Какой бы могла быть притча о человеке, который должен благодарить Бога за каждый день своей жизни, чтобы продлевать ее так, день за днем? Это должен быть, наверное, человек, который ходит и всех просит: помолитесь обо мне, и ничего больше не говорит. Нет, все проще, даже лечение физической болезни требует смирения и веры, иначе оно бессмысленно. Думал, понимал… Копаться в своей душе — занятие неудачников. И вот ничего не получается. Даже, когда, кажется, получилось — все понять. Даже тогда. Окна палаты смотрят на пустой больничный двор… Серое асфальтовое дно. Выше — только небо. Похоже на амфитеатр, где должно начаться представление, какая-нибудь Эсхилова трагедия, и места в котором — это окна семиэтажного больничного корпуса, из которых смотрят на мир его обитатели. Но приглядишься — и увидишь, что кругом притаились еще сотни зрителей: с крыш нависают гирлянды голубей. Самые удобные, как если бы в партере, на деревьях, захватило с десяток очень важных ворон. Переносятся с места на место в ожидании чего-то суетливые воробьи. Картинка оживала три раза в день, в одно и то же время, как будто и начинался спектакль… После завтрака, обеда, ужина на дно больничного колодца сыпали остатки хлеба почти из каждого окна. Птицы срывались вниз и заполоняли место кормежки. В давке хватали хлеб — и вороны, и голуби, и воробьи… Хаос царил минут десять, а потом только одинокие воробушки сновали в поисках хоть каких-то крошек. Кончалась надежда — и даже эта суета прекращалась. Снова воцарялось безжалостное спокойное ожидание. Он лежал в палате… Четыре койки — и вся освобождена для него одного. Но пустующие койки угнетали. Отдельная душевая с отдельным унитазом. Телевизор. Холодильник. Окна с жалюзи. Кондиционер. В душевой заведующая разрешила потихоньку курить. Саша купила освежитель воздуха. В палате пахло поэтому, к удивлению медсестер, чем-то цветочным. В отделении — ни души. Прятались в своих палатах, в назначенное время выстраиваясь у окошка за едой. Если вставал с койки, то подходил к окну… И еще можно было увидеть, как въезжают на больничную территорию катафалки. Туда шли люди с цветами. Выглядели празднично, ведь букетики дарят не от горя. Вот заблудились, наверное — растерялись… Морг находился где-то за их корпусом. Спросил у медсестры, когда получал, лежа на койке, очередной укол: “Что-то часто у вас умирают, лечат плохо?”. “Что вы… У нас же раковые кругом… Это раковый корпус… Поработала я в урологии, вот над нами!”.

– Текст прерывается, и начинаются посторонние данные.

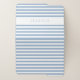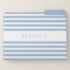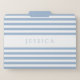 Set of office file folders featuring a minimalist soft blue and white striped pattern design and personalized text print on the front. Personalize them with your name or purpose you like to use them for. Check out the full collection above for matching blue striped stationery and more color options.

До этого раздражал парень — все время выпрашивал добавку. Съел кашу на завтрак — просил еще каши… Съел борщ на обед — еще борща… Казался нагловатым и прожорливым, как тот… Все ему было мало. Мало, мало… Задерживал очередь, брал хлеба и белого и черного по пять, шесть кусков — и все съедал, тут же, не отходя от раздаточного окошка. Оказалось, и у парня рак. Из этого человека уходит жизнь, пожирают клетки раковые день ото дня, а он с каждым днем испытывает почему-то все более сильное чувство голода — ест, ест, ест, только вот борщи, каши… Ест, но не наедается, как будто уже и не может. Спросил, как его зовут… “Боря”. Стал молиться за Борю. Говорил про себя: “Господи, пусть Боря не умрет”. И утром, когда раздавали завтрак, видя его: “Здравствуй, Боря”. И на обеде… И на ужине… Вдруг тот сам подошел. Заговорил смущенно — и очень серьезно. Волнуясь. “Мне сказали, вы курите. Вы не могли мне дать одну сигарету? Это для мамы. Она очень хочет покурить”.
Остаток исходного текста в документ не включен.